7

Грэхем

«БОФОРТ»

Вот уже не меньше пяти минут я стою на одном месте и таращусь на модную вывеску, которая красуется на фасаде стеклянного здания.

Раньше я часто проходил здесь, моя театральная труппа собиралась недалеко отсюда на репетиции. Но до меня никогда не доходило, что это резиденция Компании «Бофорт» – наверное, потому, что я никогда не интересовался ни модой, ни крупными концернами.

Мне всегда хотелось лишь одного: стать учителем.

Когда Лидия назвала свою фамилию, эта фамилия ни о чем мне не рассказала. Ей пришлось давать подсказки, чтобы я сообразил, что тот костюм, который мой дед подарил мне по случаю окончания Оксфорда, был сшит в компании ее семьи.

Я уже в который раз поправляю воротничок темно-зеленой рубашки и ремень сумки, повешенной на плечо.

Бросаю взгляд на наручные часы: четырнадцать пятьдесят пять. Я делаю глубокий вдох и двигаюсь к цели.

Вместе с двумя деловыми людьми в костюмах я прохожу внутрь через большую вращающуюся дверь и оказываюсь в вестибюле современного высотного дома.

Лидия однажды рассказывала, что первая резиденция фирмы «Бофорт», в которой располагались главный филиал и цеха – раскроечный и пошивочный, – в восьмидесятые годы стала маловата, и тогда рядом было построено это здание, в котором постепенно разместились отделы маркетинга, прессы, бухгалтерии и правления. В здании было двадцать этажей, и не оставалось сомнений, что именно в этом месте ведутся главные дела предприятия.

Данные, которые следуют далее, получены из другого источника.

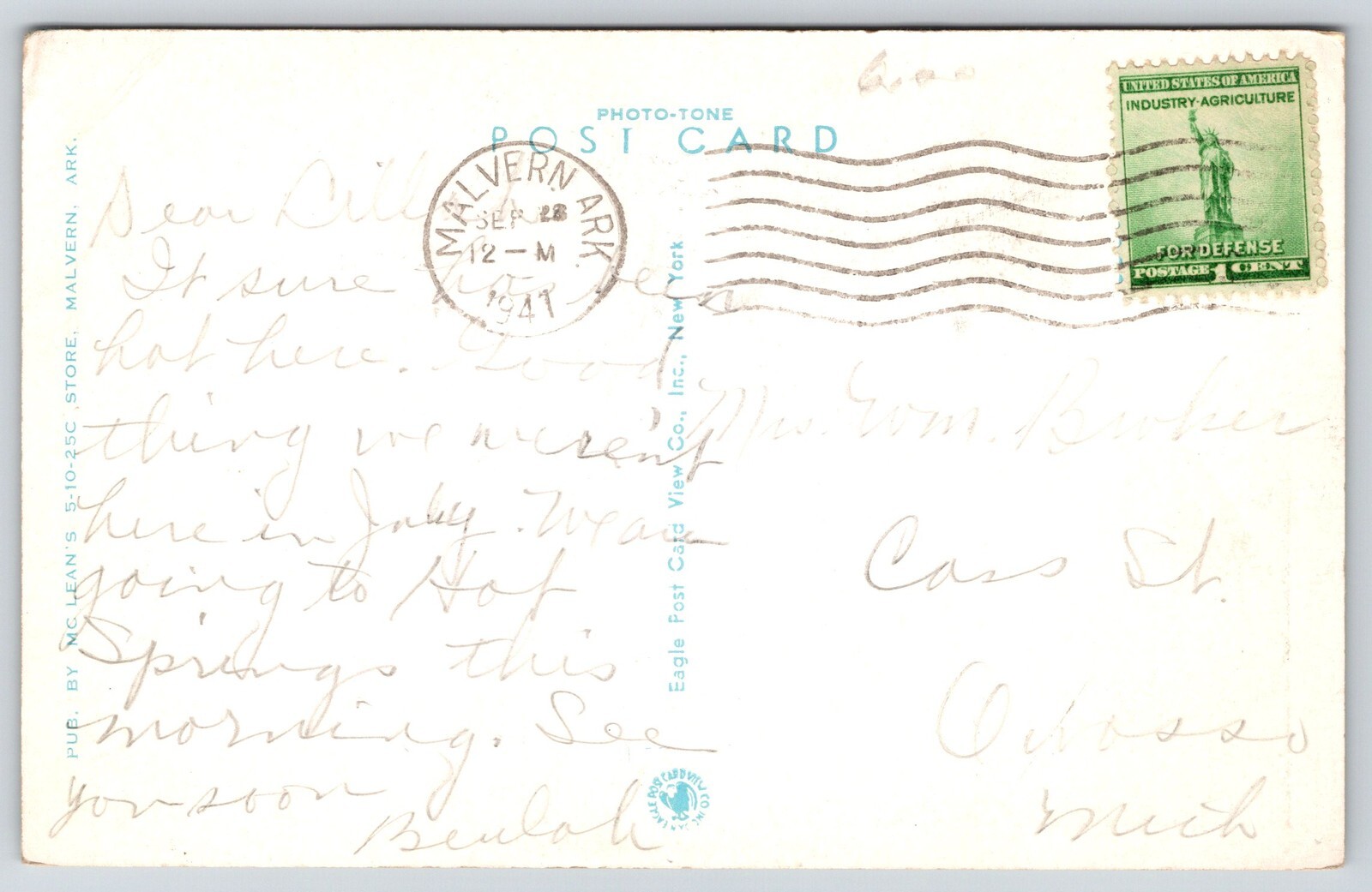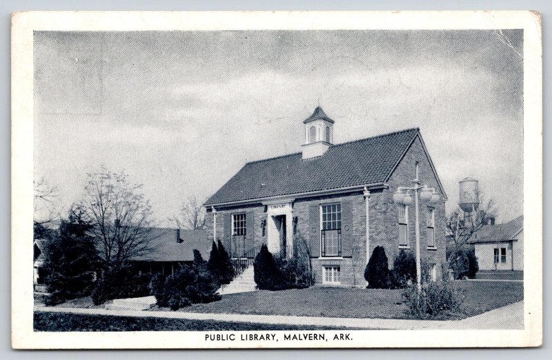 Malvern Arkansas~Public Library St View~Brick Bldg~Cupola~Water Tower~1941 PC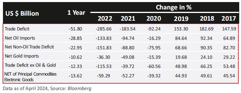 • The country’s merchandise exports decreased to USD437.1bn. In contrast, services exports expanded by 4.4%, scaling a record high of USD339.6bn, up from USD325.3bn the previous year. The services sector also saw a decline in imports, dropping by 2.46% to USD177.6bn from USD182.1 bn in FY23. This performance highlights an expansion in services exports alongside a reduction in imports for the year.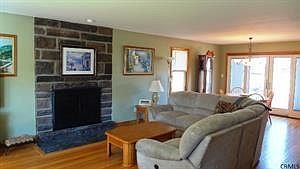Oversized Ranch on a Beautiful Double Lot just minutes from I-90 and Albany. Open Floor Plan with Refinished Hardwood, Fireplace,Spacious Kitchen. New Deck, with Patio,Big Bedrooms and plenty of Closets. New Furn/AC and Some Newer Windows. Custom Tile in 1st floor bath. Finished Lower Level offers Family Room with Egress window, bonus room. Extra Large Garage (fits an SUV or Truck) offers Easy Access to Lower Level that also features Updated Bath
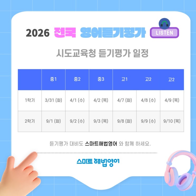 스마트해법영어 강샘수학입니다. 중등영어듣기평가 어떻게 준비해야 할까? 1년에 딱 2번 시행되는 듣기평가 대비를 해두는 과정이 필요해요. 그래서 오늘은 올해 중학교영어듣기평가를 준비하시는 분들을 위해 일정 알려드려요. 전국 16개 시·도 교육청이 공동 주관하는 중학교영어듣기평가는 1년 중에 4월과 9월 단 두 차례에 걸쳐서 진행이 되고 있는데요. 그중에서 1학기 중학교영어듣기평가일정은 3월 31일부터 4월 2일까지로 예상이 됩니다. 일부 학교에서는 이 영어듣기평가 점수가 수행평가 점수로도 5~20% 반영되기 때문에 단순 연습이 아니라 실전 대비가 중요합니다. 기출문제/문제유형 미리 학습하는 과정이 필요해요. 26학년도 중등....... <img src="https://blogthumb.pstatic.net/MjAyNjAzMjNfMTQy/MDAxNzc0MjM4NTQ4NTg2.CZV7uzJrUjYzTNtaTh5jrxcSTpNgF7_uvEqnrDxEZ84g.OfTbHLNSLH93yTywt3D9adVms4wPg5zNLyCQdfDdy4Mg.JPEG/KakaoTalk_20260323_122437432_01.jpg?type=s3" />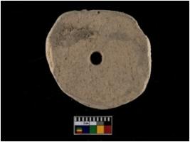 | Description / विवरण | A Complete specimen of a red ware roughly circular shaped terracotta perforated disc with even perforation. This object is having rough texture on both the surface. It appears to be wheel made. |
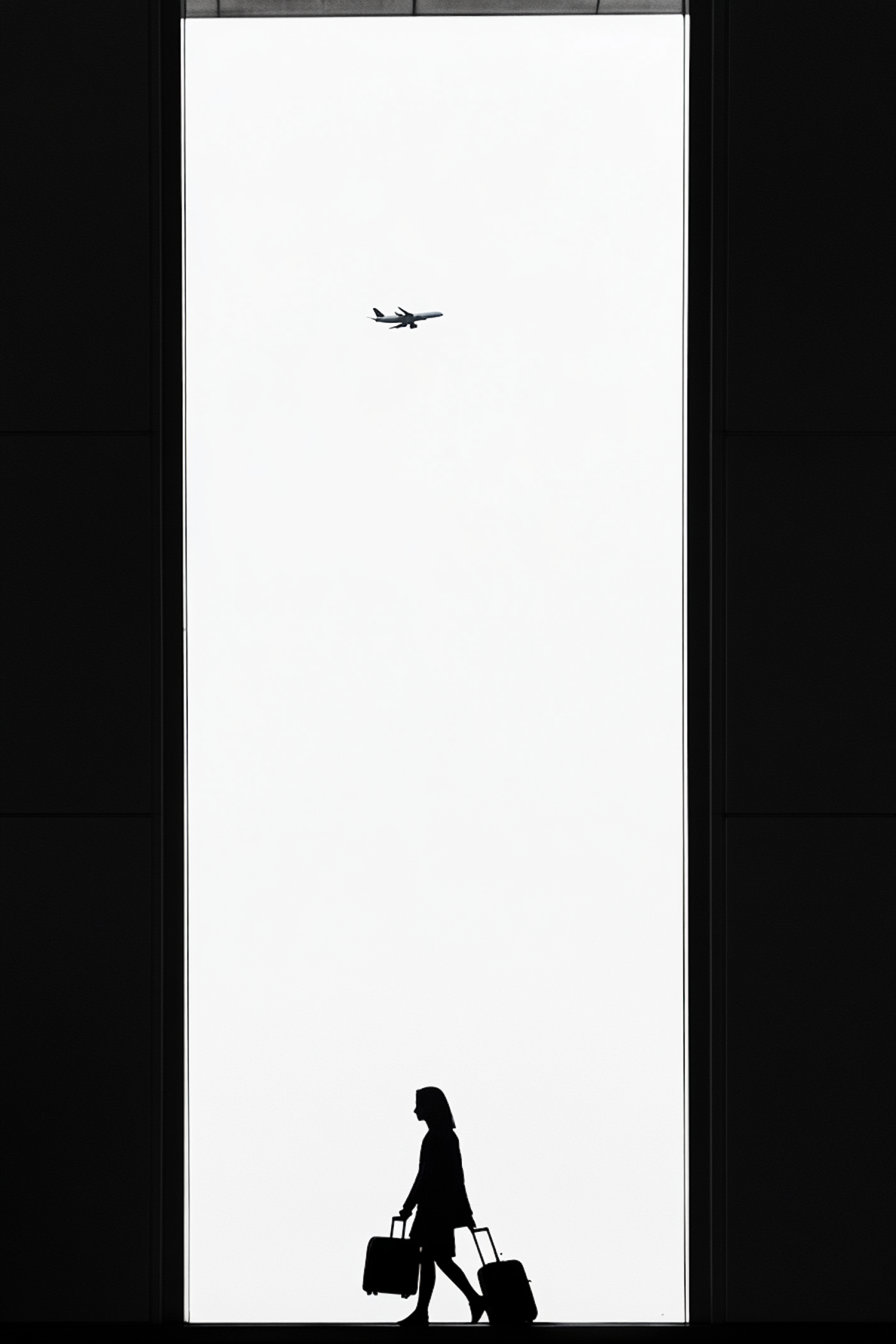 Silhouette of a traveler with suitcases against a bright window, with an airplane flying above, creating a striking travel scene.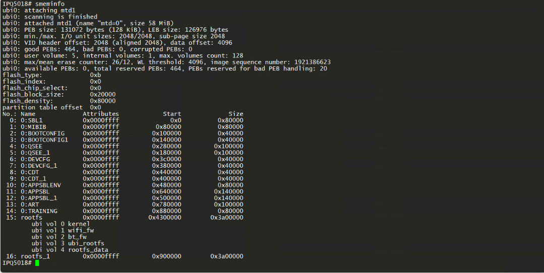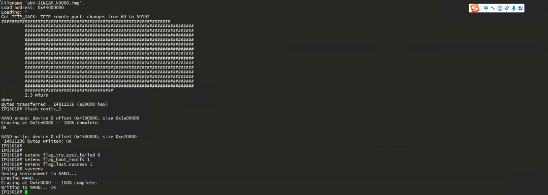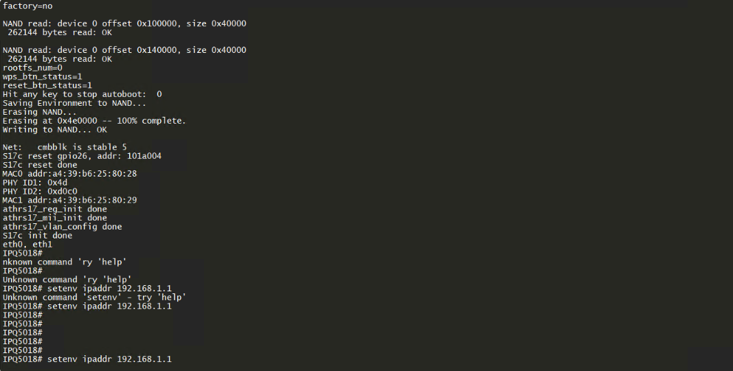 插电后TTL开始滚屏,瞬间狂按esc,手速要快,基本要开机前2秒内完成,成功后会出现IPQ5018#字样: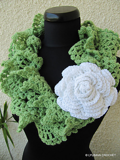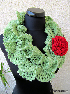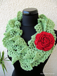 notebook > projects > Green Ruffle Lace Scarf With Red Rose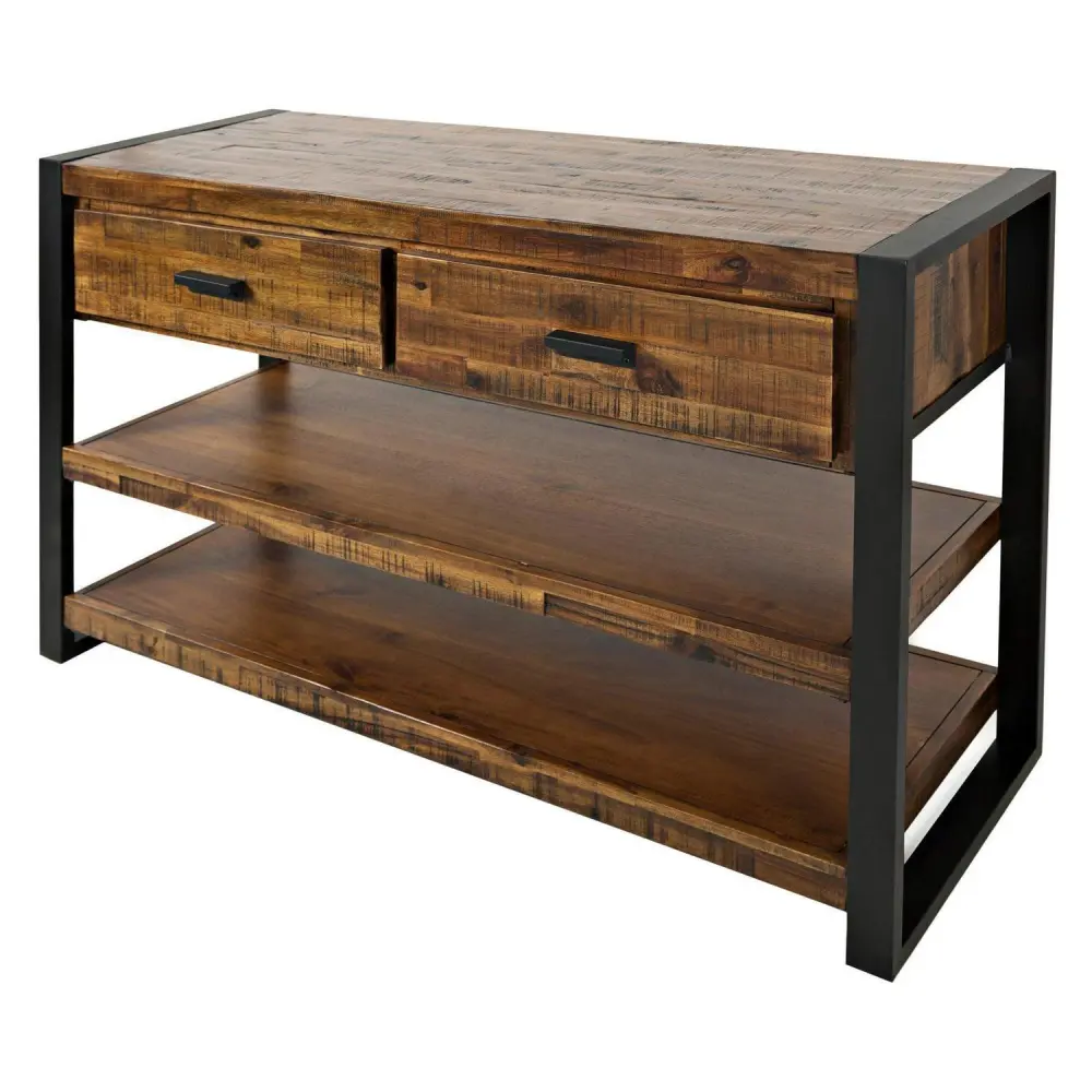 Jofran Loftworks Modern Industrial Distressed Acacia 50 Sofa Table with Drawers

У меня холодок пробежал по телу, когда я остановился сразу за дверью. Пол вестибюля был из светлого мрамора, а стены из сплошного стекла. В середине холла красовалась эмблема «Бофорт», а над ней полукругом – название предприятия.

– Чем я могу вам помочь? – спросил молодой человек, когда я, наконец, подошел к приемной стойке. Волосы у него были зачесаны набок при помощи геля, и на нем – как почти на всех здесь – был черный костюм, сидящий так ладно, будто прирос к его телу.

Я намеренно оставил свой Бофорт-костюм в шкафу, но теперь уже сомневался, не было ли это ошибкой. В джинсах и клетчатом, немного великоватом пиджаке я казался себе прокаженным.

– Меня зовут Грэхем Саттон. У меня назначена встреча с мистером Бофортом, – объяснил я.

Молодой человек поднял брови, но в следующий момент склонился к компьютеру и несколько раз щелкнул мышкой.

– А, вот вы где. – Он молниеносно что-то набил на клавиатуре, потом откатился на своем стуле немного назад, к черному шкафу, и вытянул из него ящик. Вернулся назад к стойке и выдал мне прямоугольную белую карточку. На ней значилось: Пропуск посетителя, сверху красовался логотип «Бофорт», а внизу черный штрих-код.

– Пройдите направо через турникет, пропуск поднесите к сканеру. Слева будут лифты. Вам надо подняться на самый верхний этаж.

– Понял. Спасибо, – сказал я, взял пропуск и пошел в ту сторону, куда он указал.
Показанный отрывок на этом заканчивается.